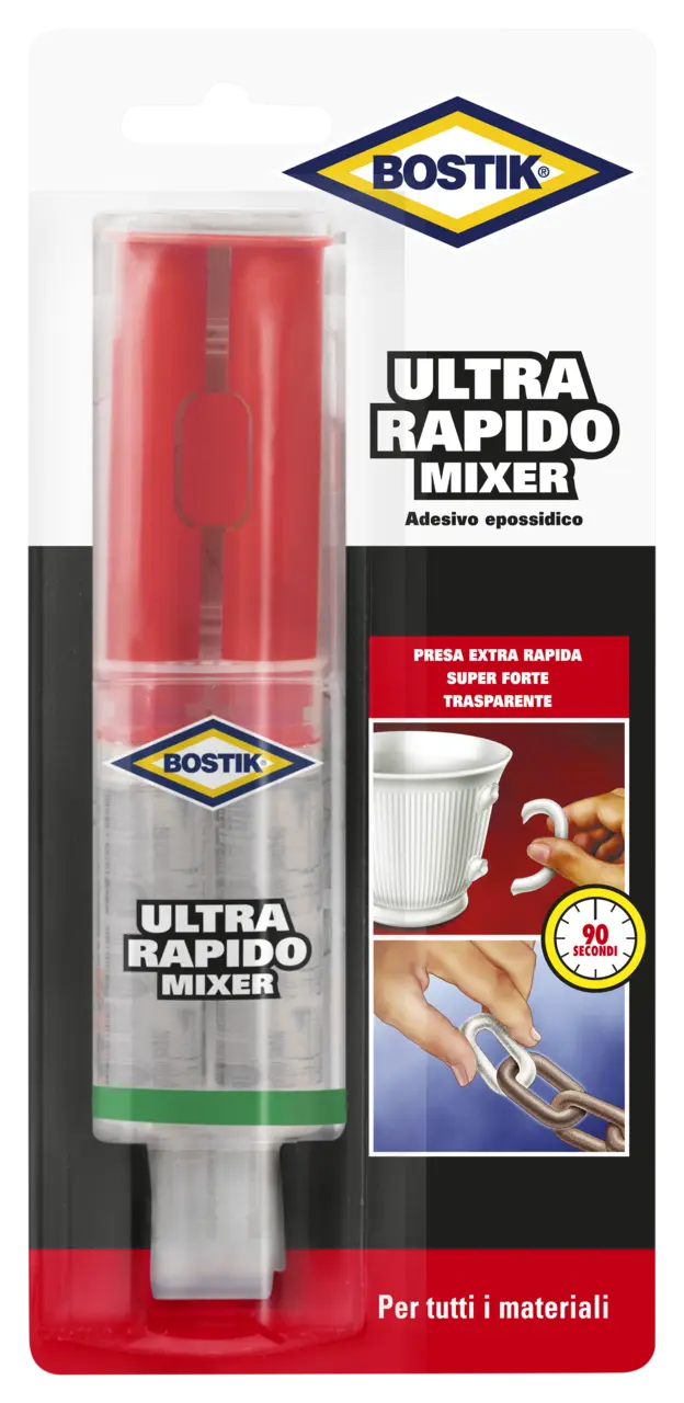Adesivo epossidico bicomponente super rapido e trasparente.
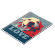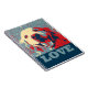 Este caderno caracteriza um close up de um cão de sorriso do golden retriever, feito no estilo do estêncil da "esperança" com cores vermelhas, brancas e azuis, junto com o amor da palavra.
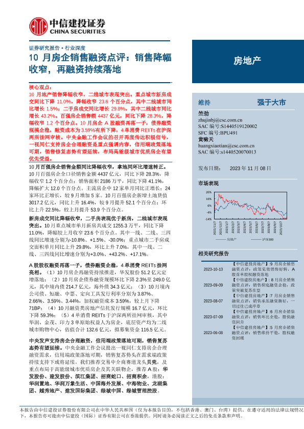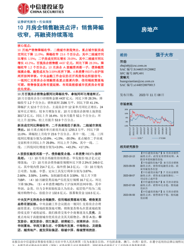 【中信建投证券】【20231108】房地产行业10月房企销售融资点评:销售降幅收窄,再融资持续落地-24页
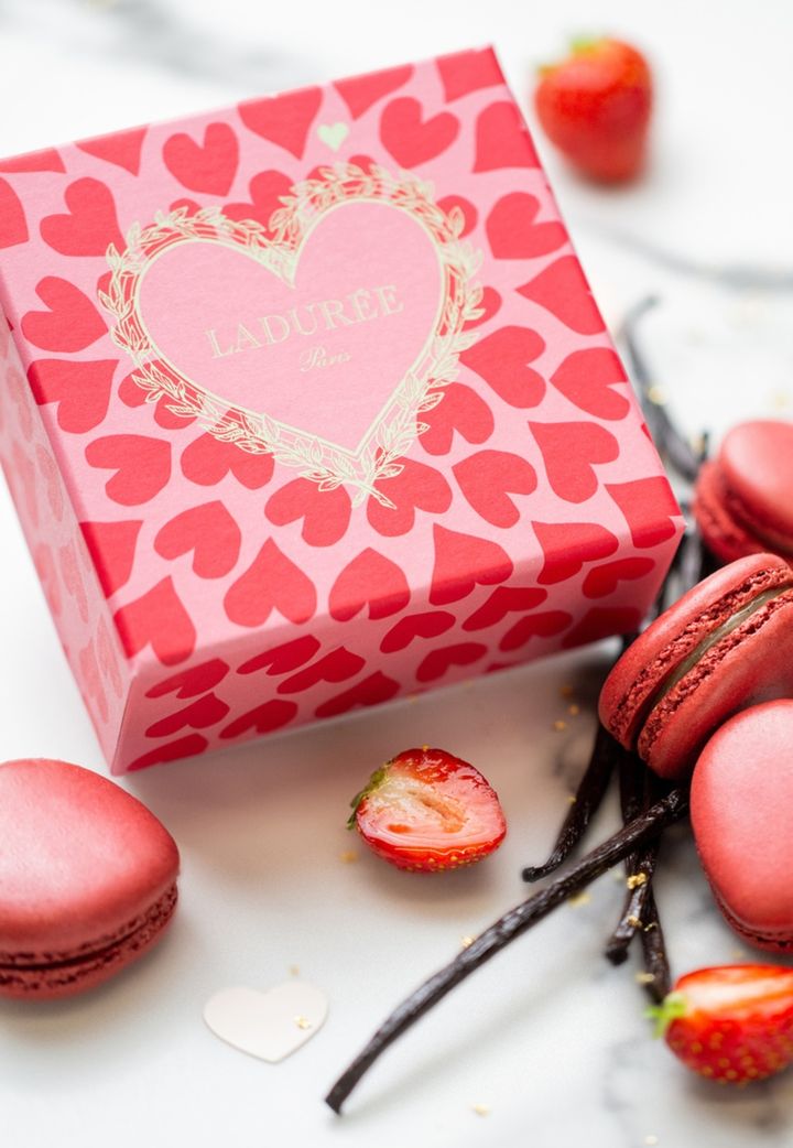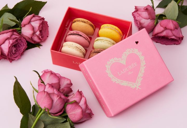 チョコレートもよいけれど、甘党さんには愛がいっぱいに溢れたラデュレのマカロンボックスはどうでしょう? メゾンを象徴する王冠のロゴが、バレンタインのシンボルでもあるハートに。もうパッケージから愛がバシバシ伝わってきませんか? このボックス、開けると「je t’aime(愛してる)」のメッセージが描かれてるんです。直接伝えるのは恥ずかしいことは、ボックスに託して渡しましょう♪
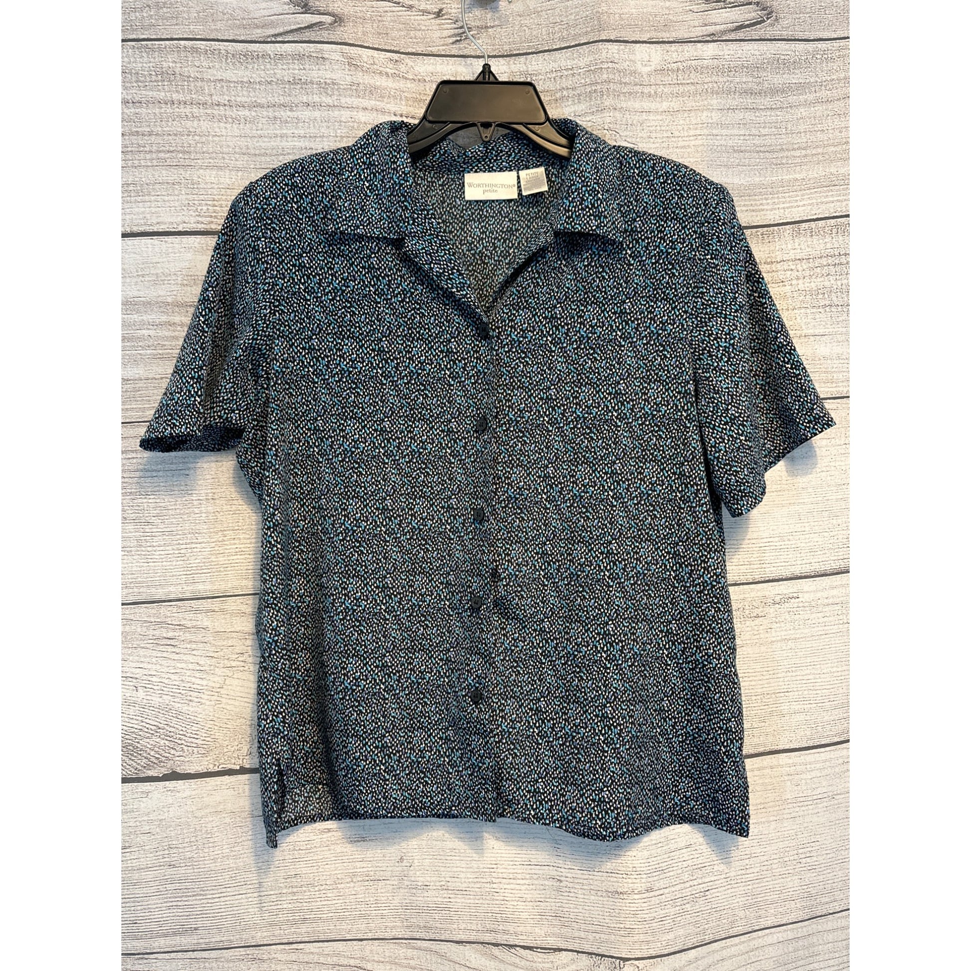 This Worthington Petite short-sleeve shirt features a playful black and blue speckle print, because who said polka dots should have all the fun?
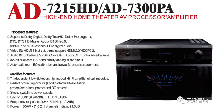 ▌家庭影院七聲道前后級功放——AD-7215HD/AD-7300PA
◆ ◆ ◆ ◆
## YOUR GOAL
Exact wording is required throughout: write out all the records, but no pictures.

## WRITTEN SOLUTION
Adesivo epossidico bicomponente super rapido e trasparente.
 Este caderno caracteriza um close up de um cão de sorriso do golden retriever, feito no estilo do estêncil da "esperança" com cores vermelhas, brancas e azuis, junto com o amor da palavra.
 【中信建投证券】【20231108】房地产行业10月房企销售融资点评:销售降幅收窄,再融资持续落地-24页
 チョコレートもよいけれど、甘党さんには愛がいっぱいに溢れたラデュレのマカロンボックスはどうでしょう? メゾンを象徴する王冠のロゴが、バレンタインのシンボルでもあるハートに。もうパッケージから愛がバシバシ伝わってきませんか? このボックス、開けると「je t’aime(愛してる)」のメッセージが描かれてるんです。直接伝えるのは恥ずかしいことは、ボックスに託して渡しましょう♪
 This Worthington Petite short-sleeve shirt features a playful black and blue speckle print, because who said polka dots should have all the fun?
 ▌家庭影院七聲道前后級功放——AD-7215HD/AD-7300PA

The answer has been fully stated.